• ACTION ITEM
What is needed is an exact repetition of the lines below, from the first one through the one holding "ethereal fantasy concept", with no pictures and nothing else.

:: RECORDED DATA

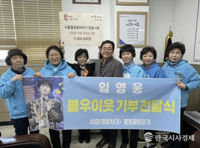 한국시사경제 경기취재본부 | 시흥시 신천동 행정복지센터에 지난 12월 17일 트로트 가수 임영웅의 시흥 팬클럽인 ‘시흥별빛웅바라기 영웅시대’가 방문해 연말을 맞아 지역 저소득 취약계층의 겨울나기 지원을 위한 후원금 300만 원을 전달했다.
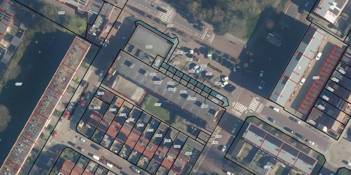 Het perceel waarop Bosplein 14 staat heeft een oppervlakte van 1618 m². Dit is een zeer groot perceel. De perceeloppervlakte wordt geregistreerd door het Kadaster. Gedetailleerde informatie over de maten van dit perceel kunt u vinden in het rapport Kadastrale kaart met maatvoering van Bosplein 14.
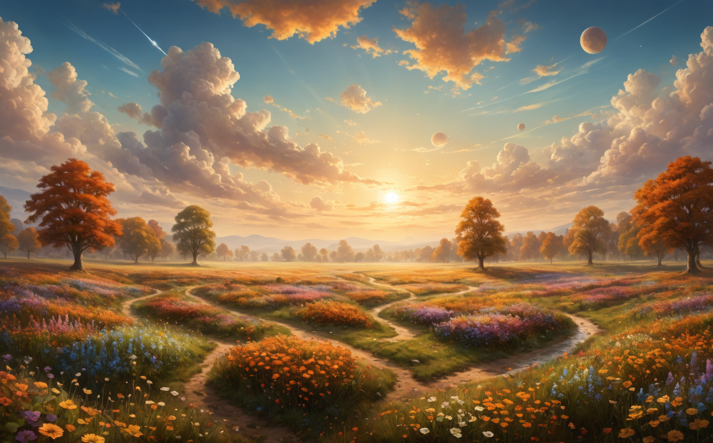ethereal fantasy concept art of masterpiece, top quality, absurdres, award winning, 8k, highly detailed, beautiful landscape of a field of flowers in autumn, at day.<lora:EnvyZoomSliderXL01:-2> <lora:symmetrical:0.5> <lora:add-detail-xl:2>, magnificent, celestial, ethereal, painterly, epic, majestic, magical, fantasy art, cover art, dreamy
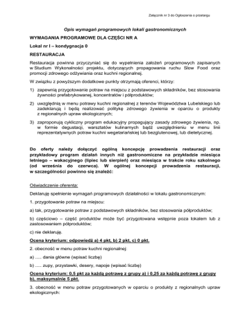 Załącznik nr 3 do Ogłoszenia o przetargu Opis wymagań programowych lokali gastronomicznych WYMAGANIA PROGRAMOWE DLA CZĘŚCI NR A Lokal nr I – kondygnacja 0 RESTAURACJA Restauracja powinna przyczyniać się do wypełnienia założeń programowych zapisanych w Studium Wykonalności projektu, dotyczących propagowania ruchu Slow Food oraz promocji zdrowego odżywiania oraz kuchni regionalnej. W związku z powyższym dodatkowe punkty otrzymają oferenci, którzy: 1) zapewnią przygotowanie potraw na miejscu z podstawowych składników, bez stosowania żywności prefabrykowanej, koncentratów i półproduktów; 2) uwzględnią w menu potrawy kuchni regionalnej z terenów Województwa Lubelskiego lub zadeklarują i będą realizować politykę zdrowego żywienia w oparciu o produkty z regionalnych upraw ekologicznych; 3) zaproponują cykliczny program edukacyjny propagujący zasady zdrowego żywienia, np. w formie degustacji, warsztatów kulinarnych bądź uwzględnieniu w menu linii reprezentatywnych potraw kuchni wegetariańskiej lub bezglutenowej, lub dietetycznej. Do oferty należy dołączyć ogólną koncepcję prowadzenia restauracji oraz przykładowy program działań innych niż gastronomiczne na przykładzie miesiąca letniego – wakacyjnego (lipiec lub sierpień) oraz miesiąca w trakcie roku szkolnego (od września do czerwca). W ogólnej koncepcji prowadzenia restauracji, w szczególności powinno się znaleźć: Oświadczenie oferenta: Deklaruję spełnienie wymagań programowych działalności w lokalu gastronomicznym: 1. przygotowanie potraw na miejscu: a) tak, przygotowanie potraw z podstawowych składników, bez stosowania półproduktów; b) częściowo – część produktów może być przygotowana wstępnie poza lokalem lub z zastosowaniem półproduktów; c) nie deklaruję. Ocena kryterium: odpowiedź a) 4 pkt, b) 2 pkt, c) 0 pkt. 2. obecność w menu potraw kuchni regionalnej: a) ..... dania główne (wpisać liczbę) b) ..... zupy, przystawki, desery, napoje (wpisać liczbę) Ocena kryterium: 0,5 pkt za każdą potrawę z grupy a) i 0,25 za każdą potrawę z grupy b), maksymalnie 5 pkt. 3. obecność w menu potraw przygotowanych w oparciu o produkty z regionalnych upraw ekologicznych: Załącznik nr 3 do Ogłoszenia o przetargu a) ..... dania główne (wpisać liczbę) b) ..... zupy, przystawki, desery, napoje (wpisać liczbę) Ocena kryterium: 0,5 pkt za każdą potrawę z grupy a) i 0,25 za każdą potrawę z grupy b), maksymalnie 5 pkt. 4. za zaproponowanie cyklicznego program edukacyjny propagujący zasady zdrowego żywienia zostanie przyznany 1 pkt. 5. Ocena programu działań innych niż gastronomiczne na przykładzie miesiąca letniego – wakacyjnego (lipiec lub sierpień) oraz miesiąca w trakcie roku szkolnego (od września do czerwca) – od 0 do 5 pkt. WYMAGANIA PROGRAMOWE DLA CZĘŚCI NR B, C, D LOKAL nr II – kondygnacja 0 BISTRO (LOKAL SZYBKIEJ OBSŁUGI) Założeniem bistro jest zapewnienie szybkiej i dostępnej cenowo obsługi gastronomicznej dla gości i wizytujących CSK, a także dla personelu CSK i personelu działających w nim instytucji. Wymogi, które muszą być spełnione przez najemcę: a) obecność w ofercie co najmniej: - 5 rodzajów kanapek lub przekąsek, w tym opcja wegetariańska, - 2 rodzajów zup, w tym opcja wegetariańska, - 3 rodzajów sałatek, b) wprowadzenie menu, które zapewni zróżnicowanie potraw w wybranej formule kuchni, np. zupy; c) czas oczekiwania na zamówienie – nie dłuższy niż 10 minut lub samoobsługa; d) oferowanie kawy parzonej w profesjonalnym ekspresie ciśnieniowym; e) oferowanie potraw i napojów na wynos; f) uzyskanie zezwolenia na sprzedaż alkoholi mało i średnio procentowych. W okresie letnim istnieje możliwość korzystania z całości lub części przestrzeni zewnętrznego patio od strony ul. Radziszewskiego w formie ogródka sezonowego. LOKAL nr III kondygnacja +1 LOUNGE BAR Bar przeznaczony jest jako miejsce spotkań, jak również do obsługi gastronomicznej uczestników wydarzeń kulturalnych. Powinien być czynny co najmniej na 2 godziny przed i po wydarzeniu odbywającym się w Sali Operowej lub Sali Kameralnej. Załącznik nr 3 do Ogłoszenia o przetargu Menu powinno obejmować napoje ciepłe i zimne, w tym alkoholowe, wymagany jest niewielki wybór deserów i drobnych przekąsek. LOKAL nr IV KAWIARNIA kondygnacja +4 Kawiarnia powinna stanowić przede wszystkim miejsce spotkań, jej oferta kulinarna powinna zawierać przede wszystkim bezalkoholowe napoje (ciepłe i zimne) desery oraz drobne przekąski. Dopuszcza się serwowanie napoi alkoholowych. Do oferty należy dołączyć ogólną koncepcję prowadzenia lokalu gastronomicznego oraz przykładowy program działań innych niż gastronomiczne na przykładzie miesiąca letniego – wakacyjnego (lipiec lub sierpień) oraz miesiąca w trakcie roku szkolnego (od września do czerwca). Ocena ww. dokumentów dokonana zostanie przez poszczególnych członków Komisji przetargowej w skali od 0 do 20 pkt.
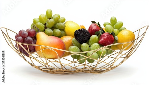 Designer fruit bowl showcasing colorful fruits modern home high-quality image minimalist style artistic viewpoint
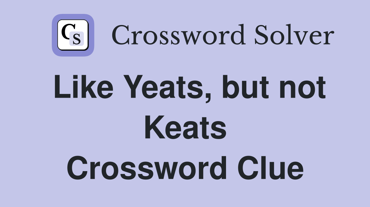 Like Yeats but not Keats Crossword Clue Answers Crossword Solver
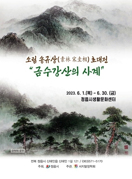 정읍시는 신태인읍에 위차한 생활문화센터에서 오는 6월1일~30일, 소림 송규상 작가의 '금수강산의 사계' 초대전을 연다고 30일 밝혔다.
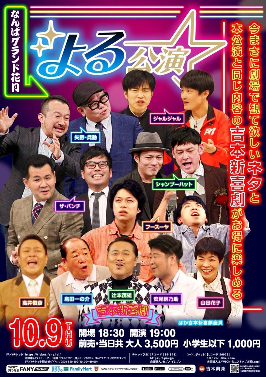 今月のLINEクーポンは下記の公演が対象になっています⬇️ 【舞台】よる公演 2025年10月22日(水)19:00〜21:00 なんばグランド花月 🎫前売3,500円 [漫才・落語]笑い飯/矢野・兵動/ザ・プラン9/タナからイケダ/ミキ/翠星チークダンス x.com/namba_g_kagets…
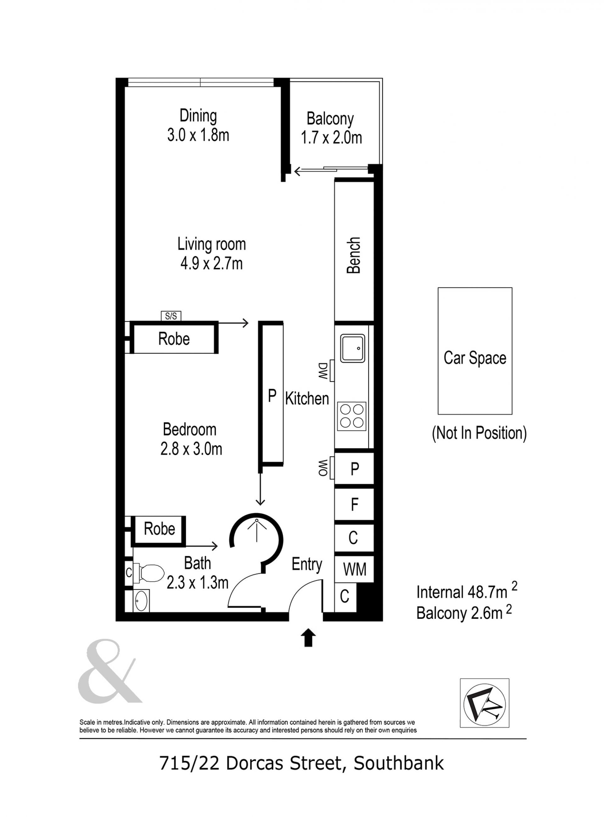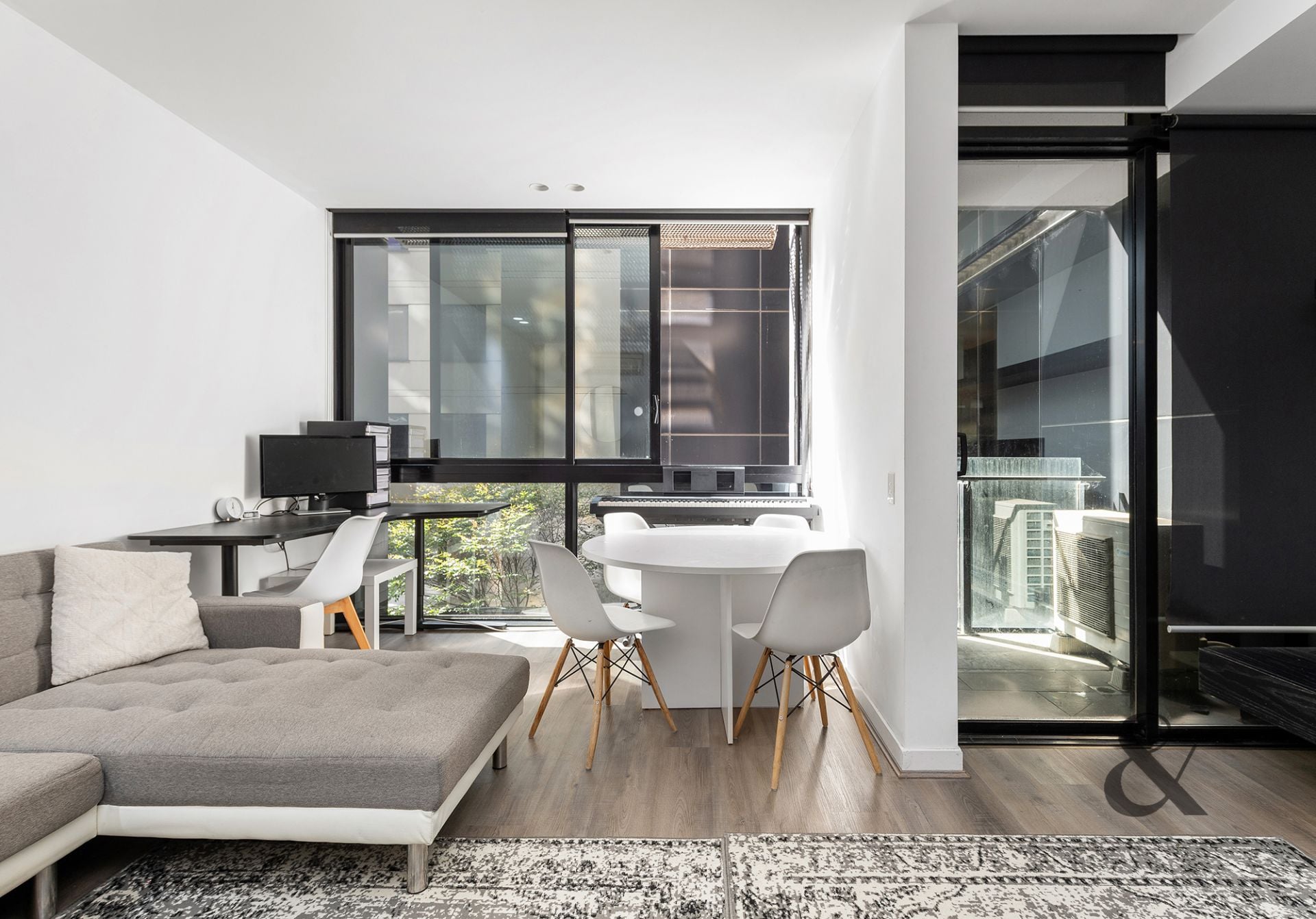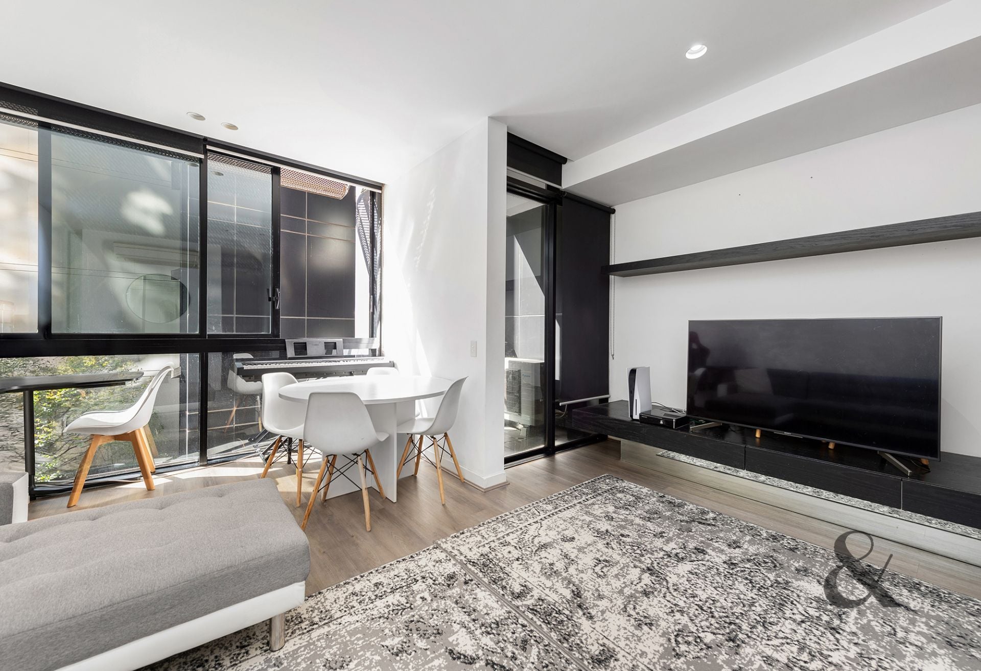 Sitting in the Elm building in the heart of Southbank, this one-bedroom apartment is thoughtfully designed and genuinely easy to live in. Floorboards run through the open plan living and dining area, the kitchen features a stone bench top, gas cooktop, integrated dishwasher drawer and ample storage, and the balcony provides a private outdoor space to step away from it all.

::::

• SOLUTION FOR THIS PROBLEM
 한국시사경제 경기취재본부 | 시흥시 신천동 행정복지센터에 지난 12월 17일 트로트 가수 임영웅의 시흥 팬클럽인 ‘시흥별빛웅바라기 영웅시대’가 방문해 연말을 맞아 지역 저소득 취약계층의 겨울나기 지원을 위한 후원금 300만 원을 전달했다.
 Het perceel waarop Bosplein 14 staat heeft een oppervlakte van 1618 m². Dit is een zeer groot perceel. De perceeloppervlakte wordt geregistreerd door het Kadaster. Gedetailleerde informatie over de maten van dit perceel kunt u vinden in het rapport Kadastrale kaart met maatvoering van Bosplein 14.
ethereal fantasy concept art of masterpiece, top quality, absurdres, award winning, 8k, highly detailed, beautiful landscape of a field of flowers in autumn, at day.<lora:EnvyZoomSliderXL01:-2> <lora:symmetrical:0.5> <lora:add-detail-xl:2>, magnificent, celestial, ethereal, painterly, epic, majestic, magical, fantasy art, cover art, dreamy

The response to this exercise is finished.